-- LISTED RECORDS follows --

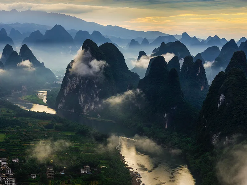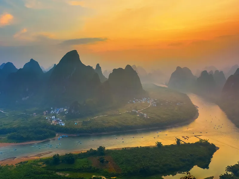 桂林漓江风景区是桂林至阳朔漓江水道两岸83公里的美景,其中最精华的部分,是从启程码头到兴坪的40公里河段。
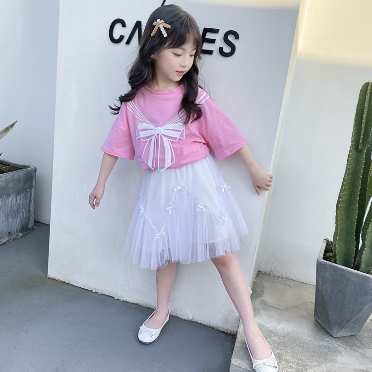 소녀 세트 2023 여름 새 어린이 반팔 투피스 메쉬 스커트 인쇄 나비 세트스토어 가기
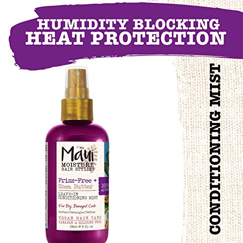 Maui Moisture Frizz-Free + Shea Butter Leave-in Conditioning Mist is a vegan, silicone-free blend crafted with 100% aloe vera as its first ingredient and infused with shea butter, coconut oil and macadamia oil to keep frizz at bay and coils hydrated and feeling soft all day long. This easy-to-use product helps protect against heat while defining your curls to enhance their natural beauty. Just spray it evenly on damp hair, style and go. We believe in the power of nature—that’s why this product is vegan and free of silicones, parabens and mineral oil.
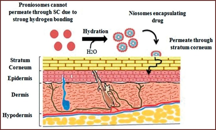 The proniosomal delivery has attracted the transdermal route for the potential delivery of drugs because both nonionic surfactants and phospholipids themselves act as penetration enhancers. The non-ionic surfactant and cholesterol ratio can alter both the release characteristics and the encapsulation efficiency of the entrapped drugs. It also improves the release and permeation of active agents via skin and also governs the rate of the drug release mechanism. After the application of proniosomes to the skin, they get hydrated to form niosome vesicles, and a high thermodynamic activity gradient develops at the contact, which increases the permeability of the drug. Thereby, the drug penetrates the skin layers and it can be absorbed into systemic circulation via capillaries. The mechanism of permeation was shown in fig. 2. The Gels became more familiar because of ease of applicability, good percutaneous permeation, controlled drug release characteristics than other semi-solid preparations. Hence, proniosomes are commonly prepared in gel formulation [6, 7, 11].
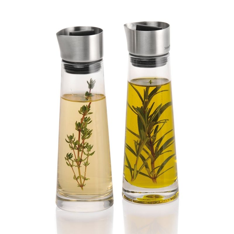 De Alinjo olie-& azijnset van Blomus staat prachtig op de gedekte tafel. De glazen flesjes hebben een inhoud van 150 ml en zijn voorzien van licht gevormde schenktuitjes. De doppen zijn daarnaast voorzien van een antidrupsysteem. Voeg wat olie of azijn toe aan het gerecht zonder te knoeien. De set wordt geleverd in een mooie cadeauverpakking.
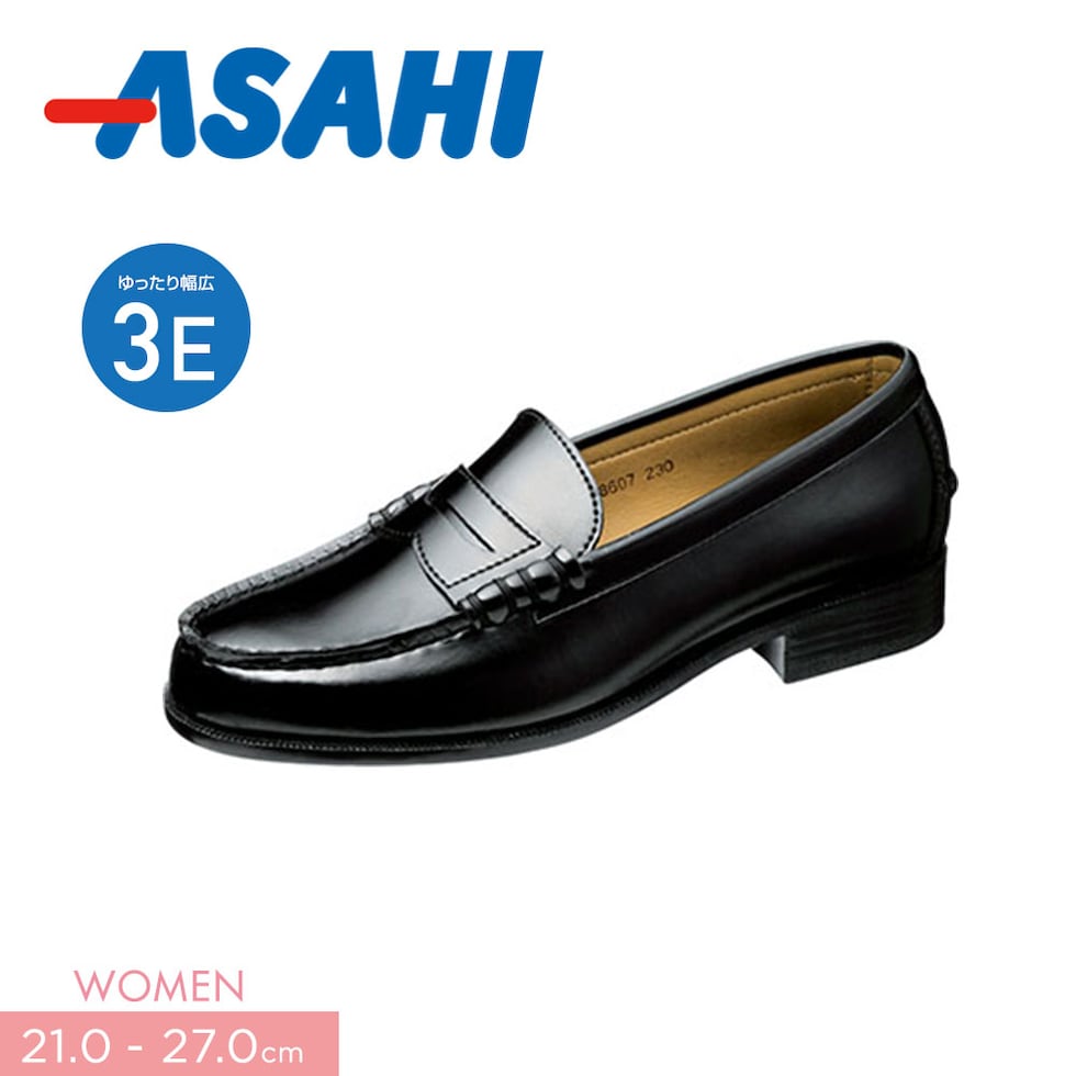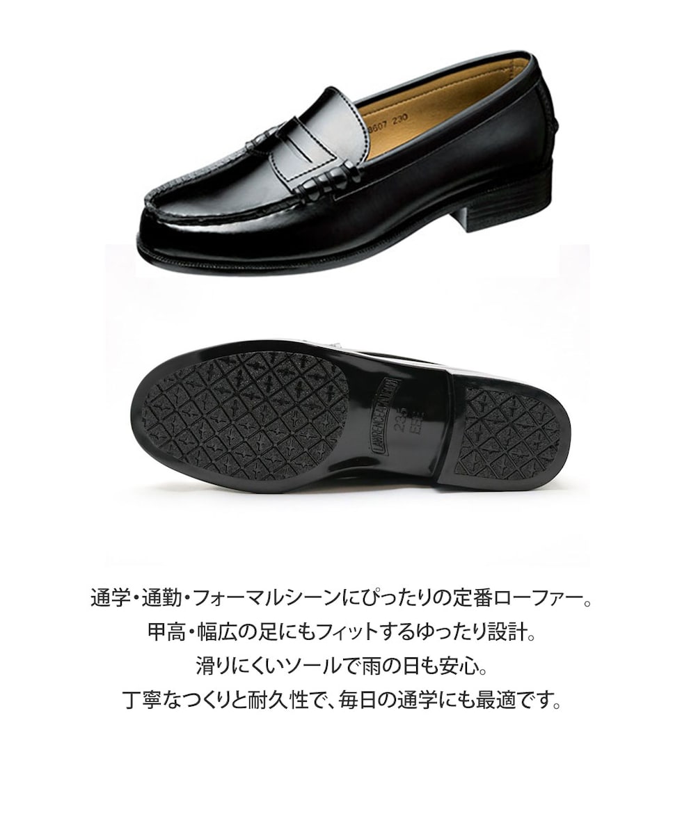 コインローファー 通学用 スクールシューズ ビジネス 通勤 フォーマル 女性用 女子 学生靴 レディース 軽量 幅広 3E 黒 ブラック LA8607
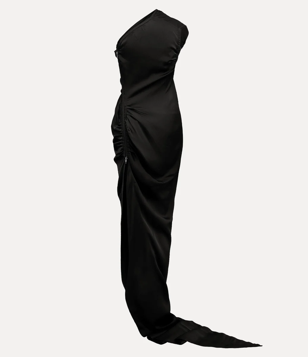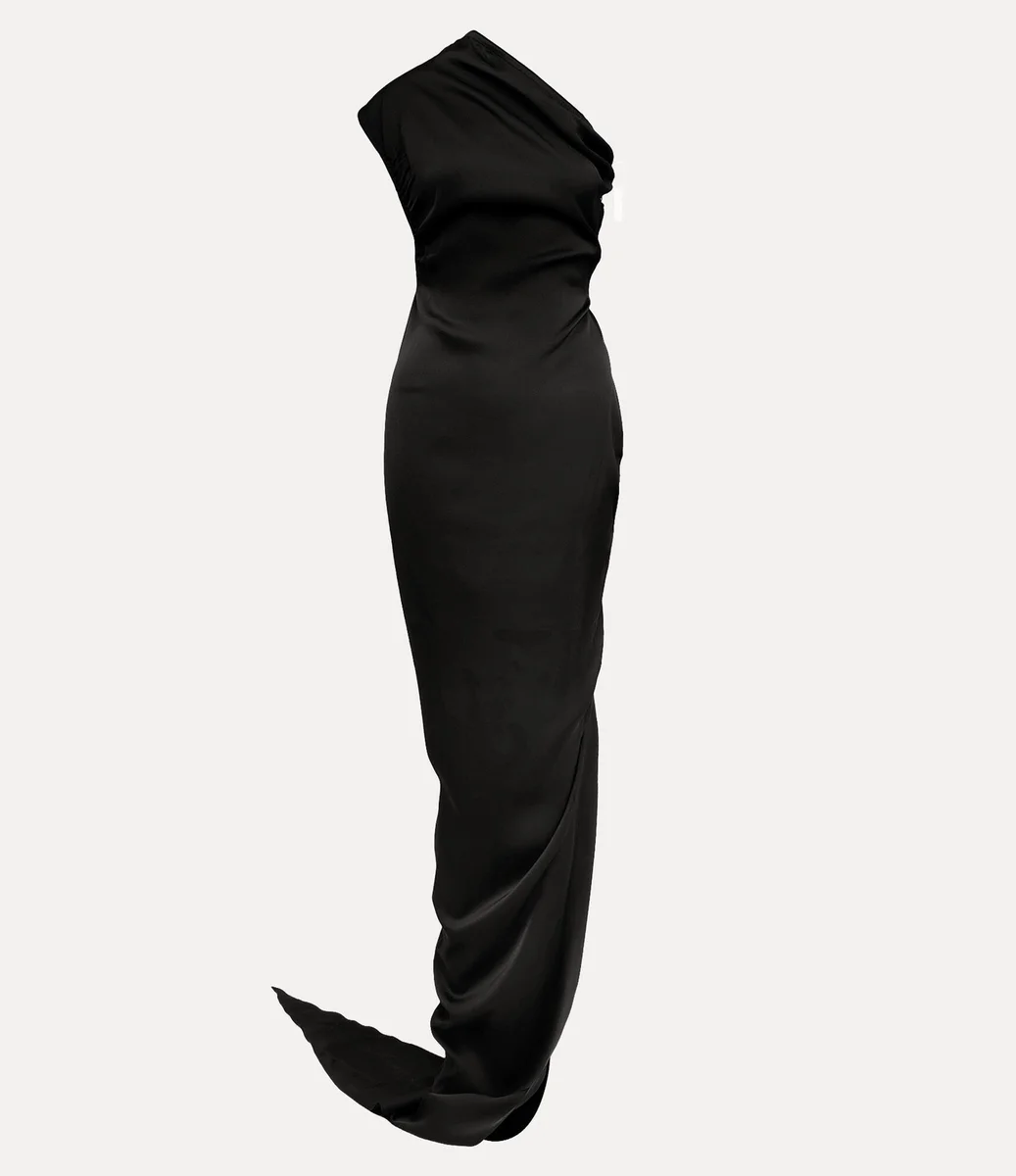 Nuestro vestido Andreas se caracteriza por su amplio escote de un solo hombro, que esculpe la forma con un corpiño ajustado y delicadas pinzas que trazan la silueta. A lo largo del lateral, unos suaves fruncidos recogen la tela en una suave caída, que se convierte en una elegante cola.

-- LISTED RECORDS concluded --

• **REQUIRED ACTION**
Once the line with "The proniosomal delivery" is found, write out that line and every later line of the listing above exactly, through the last one, and skip any pictures.

• **RESULT OF THIS EXERCISE**
 The proniosomal delivery has attracted the transdermal route for the potential delivery of drugs because both nonionic surfactants and phospholipids themselves act as penetration enhancers. The non-ionic surfactant and cholesterol ratio can alter both the release characteristics and the encapsulation efficiency of the entrapped drugs. It also improves the release and permeation of active agents via skin and also governs the rate of the drug release mechanism. After the application of proniosomes to the skin, they get hydrated to form niosome vesicles, and a high thermodynamic activity gradient develops at the contact, which increases the permeability of the drug. Thereby, the drug penetrates the skin layers and it can be absorbed into systemic circulation via capillaries. The mechanism of permeation was shown in fig. 2. The Gels became more familiar because of ease of applicability, good percutaneous permeation, controlled drug release characteristics than other semi-solid preparations. Hence, proniosomes are commonly prepared in gel formulation [6, 7, 11].
 De Alinjo olie-& azijnset van Blomus staat prachtig op de gedekte tafel. De glazen flesjes hebben een inhoud van 150 ml en zijn voorzien van licht gevormde schenktuitjes. De doppen zijn daarnaast voorzien van een antidrupsysteem. Voeg wat olie of azijn toe aan het gerecht zonder te knoeien. De set wordt geleverd in een mooie cadeauverpakking.
 コインローファー 通学用 スクールシューズ ビジネス 通勤 フォーマル 女性用 女子 学生靴 レディース 軽量 幅広 3E 黒 ブラック LA8607
 Nuestro vestido Andreas se caracteriza por su amplio escote de un solo hombro, que esculpe la forma con un corpiño ajustado y delicadas pinzas que trazan la silueta. A lo largo del lateral, unos suaves fruncidos recogen la tela en una suave caída, que se convierte en una elegante cola.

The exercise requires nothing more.